Personal Essay

Confessions of an Accidental Stay-at-Home Dad

Diapers, tantrums, and career curveballs. Parenting wasn't the full-time job I expected.


Illustration by Zohar Lazar

“What happened?” The front-desk attendant at urgent care was curious.

“I cut it by accident,” I said, holding up my pinky, wrapped in a bloody paper towel.

“Avocado?”

It was not an avocado. It was too elaborate and shameful to admit in the lobby. Behind closed doors a little later, a PA also asked if it was an avocado. She poured pink liquid on my wound, and I told her the truth. “It was a butter knife into a cutting board in the kitchen, Colonel Mustard, and so on.” As she stitched, I told her how I was making dinner for my two sons, both under the age of three, when I lost it.

It was nearly 5 p.m., so close to the finish line. Reinforcements would arrive in the next hour in the form of my wife, but for now, the battle was mine. I was cooking mac ’n’ cheese with a phone in one hand and a metal spoon in the other, and I dropped the spoon into the boiling water. The kids were screaming and throwing something fragile and touching something sharp, and I fished out the metal spoon with another utensil and picked it up with my bare hand, which hurt, a lot. And I yelled, “WILL! YOU! JUST!”

Rather than finish my sentence, I grabbed a butter knife, lifted it high above my head like Jafar wielding his dagger in Aladdin, and sunk the thing into a cutting board. As the cutting board stopped the knife, my hand slid down the dull blade. What am I looking at here? Bone? Finger fat?

“Daddy hurt,” said my two-year-old when he saw the blood.

This PA understood me because she also had two kids under three, and when I told her I was a reluctant stay-at-home dad, she said, “I couldn’t do that.”

“I’m not sure I can, either,” I admitted.

I always wanted to be a dad…but a stay-at-home dad? A SAHD? I’ve never liked the sound of that. It felt like giving up, like putting down my hunting spear and picking up basket weaving and filling that basket with laundry and also babies. Wasn’t I a hunter? Didn’t I have hair on my chest? Couldn’t I open jars with tight lids? It turned out that while I was searching for success as a writer, walking around with a tiny spear-shaped pen, my wife had found success as an architect. So for the past two years, I’ve been doing what many women have done—and made look easy—since the dawn of time and marriage: supporting my family by taking care of our kids.

My wife writes me notes on my birthday, on Father’s Day, and sometimes for no occasion at all, telling me how much she appreciates me staying with the boys. Not an emotional person, her eyes fill when she talks about how she knows this isn’t how I imagined the first few years of fatherhood, but she’s grateful. What I wonder is, can I learn to be grateful, too?
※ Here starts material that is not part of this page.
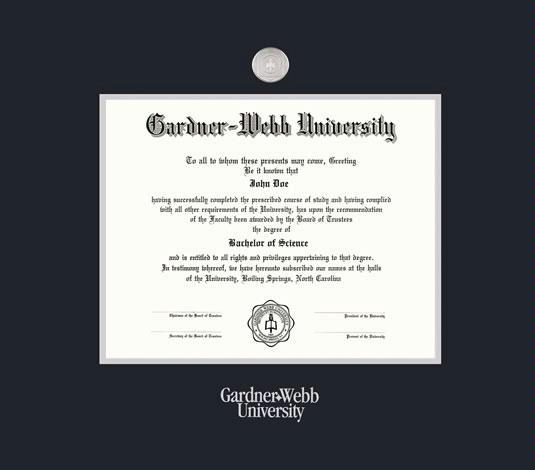 Gardner-Webb University Diploma Frame with Medallion and Black and Silver Double Mat and Silver Embossing

On my second date with my now-wife, I asked her if she wanted kids. People will tell you this is not a good dating strategy, and they are correct. She said something like “Maybe,” and I decided that sounded a lot like “Absolutely.” We could figure out the details later.
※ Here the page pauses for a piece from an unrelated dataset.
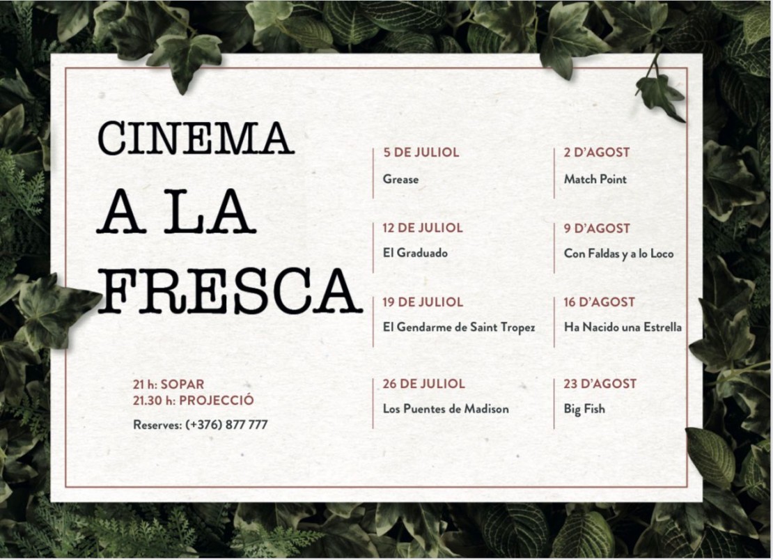 Durant els dimarts de juliol i agost, a les 21.30h, començarà a projectar-se una de les pel·lícules clàssiques seleccionades sota la premissa que siguin cintes entretingudes i fàcils de seguir durant el sopar. Títols com ara Grease, Match Point, El graduado, Con faldas y a lo loco, El gendarme en Saint Tropez, Ha nacido una estrella, Los puentes de Madison i Big Fish.

My wife is from Kansas City. It’s cooler than you’d think and mostly as traditional as you’d expect. Most of the women she grew up with had babies, stayed home to care for them, and, as far as she knew, had, or pretended to have, happy hearts about the whole thing. My wife did not want to be a stay-at-home mom; she wanted to be an architect.

Outstanding, I thought before we were married. I could already tell that having this woman stay at home with toddlers full time would be like having a cheetah wear a parachute; it would be weird. And we’d all be thinking, how did this cheetah get a parachute?
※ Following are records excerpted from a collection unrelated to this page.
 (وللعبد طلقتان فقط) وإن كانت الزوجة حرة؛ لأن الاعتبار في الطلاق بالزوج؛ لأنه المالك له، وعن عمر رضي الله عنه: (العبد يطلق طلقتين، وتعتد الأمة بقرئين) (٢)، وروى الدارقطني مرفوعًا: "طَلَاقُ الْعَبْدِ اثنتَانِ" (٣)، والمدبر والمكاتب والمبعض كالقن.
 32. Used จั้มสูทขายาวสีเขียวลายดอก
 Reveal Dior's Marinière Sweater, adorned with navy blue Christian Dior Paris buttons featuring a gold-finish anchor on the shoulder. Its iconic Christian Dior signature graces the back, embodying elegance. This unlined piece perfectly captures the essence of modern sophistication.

Plus, I actually thought I’d be good at staying home with kids. When I was eight, my mom told me I was a natural with children, which struck me as funny: It was like telling a turtle he’s a natural with other turtles. But somehow, it became part of my identity.

So I made the decision, almost two years ago, to stay at home with my kids for one month. I even told God, “Only one month, okay?” I was job hunting and writing, and I would cherish the time with my boys. We could go to the beach on a warm Monday, check out the MFA on a rainy Tuesday, and hit up a brewery Wednesday to Saturday. It would be amazing. Anyone can do a job for only one month. Besides, these are my own kids we’re talking about! This time was a gift.

It was not, in fact, only a month. One very hot day this past July, as I screamed my lungs out into my toddler’s pillow, I wondered how much longer I could keep this up. My youngest child, Kenneth, was 16 months old, the same age as my job search. No matter how I packed the weeks with networking, LinkedIn connections, and clever introduction emails, I remained jobless.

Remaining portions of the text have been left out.